Two Cultures—Never the Twain Shall Meet?

Scientists wonder why today the word “Intellectual” is used to describe only those in arts and letters

Literary theorists should be made to wear a patch over one eye, keep a parrot on their shoulder and always carry a bottle of rum. That way it will be easier for the rest of us to recognize them for the pirates they are. These modern day buccaneers do it without pistols and cutlasses; they leave no bodies and sink no ships, and yet they make off with real treasure: an honored place in society and the unquestioning respect of us common folk.

What they have abducted is the title "intellectual." For most people, I think, the word refers to people who work in literature and the arts, not the hard or even the soft sciences. Webster's Third makes it official: "a person devoted to matters of the mind and esp. to the arts and letters: one given to study, reflection, and speculation esp. concerning large, profound or abstract issues." As you work your way through the entry, though, things do not go so well for the literary types. Farther down is this less flattering definition: "a person claiming to belong to an intellectual elite or caste, given to empty theorizing or cerebration, and often inept in the solution of practical problems." A quotation from the conservative writer Russell Kirk is even worse: "Intellectual is an ugly word . . . it implies consummate snobbery." Whether people perceive the word as good or bad, or are indifferent to it, most today associate "intellectual" strictly with the art and literature crowd.

The abduction metaphor goes further. Intellectuals are now to be found only on the campuses of colleges and universities. Ten years ago cultural historian Russell Jacoby argued in The Last Intellectuals that the day of the independent intellectual, a learned person without a university base who wrote for a general, if intelligent, audience was over. Universities had abducted the intellectuals. And one year later, Lawrence W. Levine published Highbrow/Lowbrow, in which he charged that Shakespeare himself had been abducted by academe. In the 19th century, he said, Shakespeare companies toured the nation's small and medium-sized towns as well as the cities, and it was not uncommon for ordinary citizens to be as familar with the works of the bard as many Italians in all walks of life are with opera. The professors were able to make Shakespeare intimidating, a subject open only to those with specialized training, he charged, scaring off the rest of us.
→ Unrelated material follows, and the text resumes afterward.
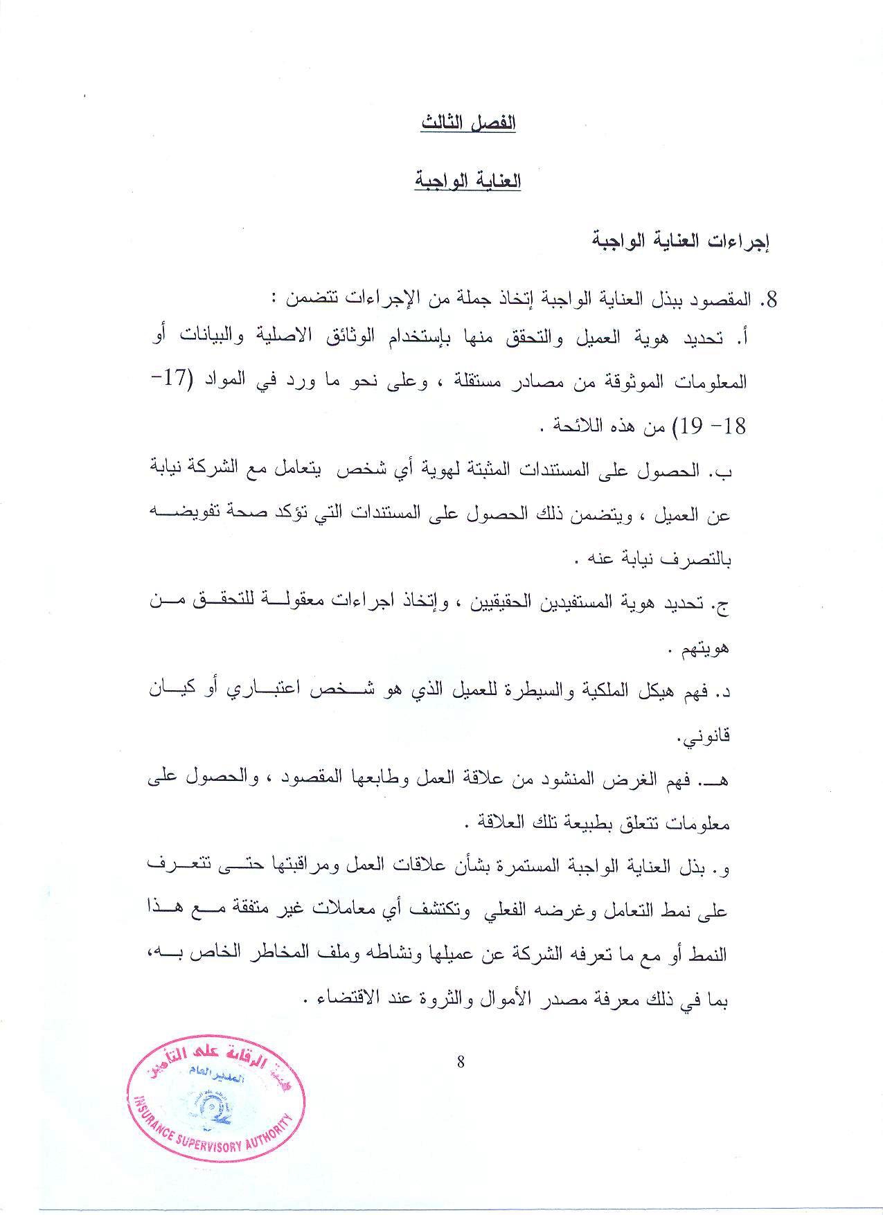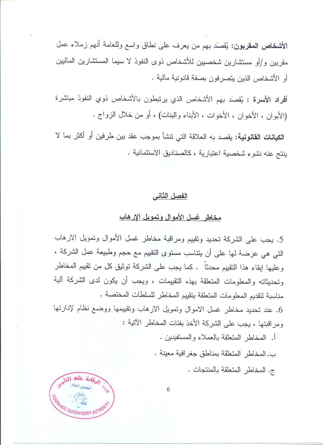 لائحة مكافحة غسل الأموال وتمويل الإرهاب الصادرة عن هيئة الرقابة على التأمين.

Then there came in 1995 The Third Culture by John Brockman. (I've only caught up to it now thanks to its being mentioned in a review of a millennial apocalyptic art exhibition. The organizers had confused the age of the Solar System with the age of the Universe, and the reviewer went on about how art people couldn't care less, mentioning the book in the process.) The title picks up on a 1959 book by British physicist and novelist C.P. Snow called The Two Cultures and the Scientific Revolution. The two cultures were the intellectuals and the scientists. The twain did not meet, he pointed out; each group lived in its own universe. The split was not new; Snow noted that in the 1930s, literary theorists had begun to use the word "intellectual" to refer only to themselves. He envisioned a third culture in which the two groups would actually talk to each other.

In Brockman's book Murray Gell-Mann, a Nobel physicist now working on complex adaptive systems at the Santa Fe Institute, points out that "there are people in the arts and humanities . . . who are proud of knowing very little about science and technology, or about mathematics." (As a science editor, I run into that attitude all the time. People who have read a science story I've edited will say, with a proud smile: "I didn't understand a word of it." They say it in a tone of real satisfaction, as though happy they had not sullied themselves with the techno-geek side of life.) Gell-Mann went on to say: "The opposite phenomenon is very rare. You may occasionally find a scientist who is ignorant of Shakespeare, but you will never find a scientist who is proud of being ignorant of Shakespeare."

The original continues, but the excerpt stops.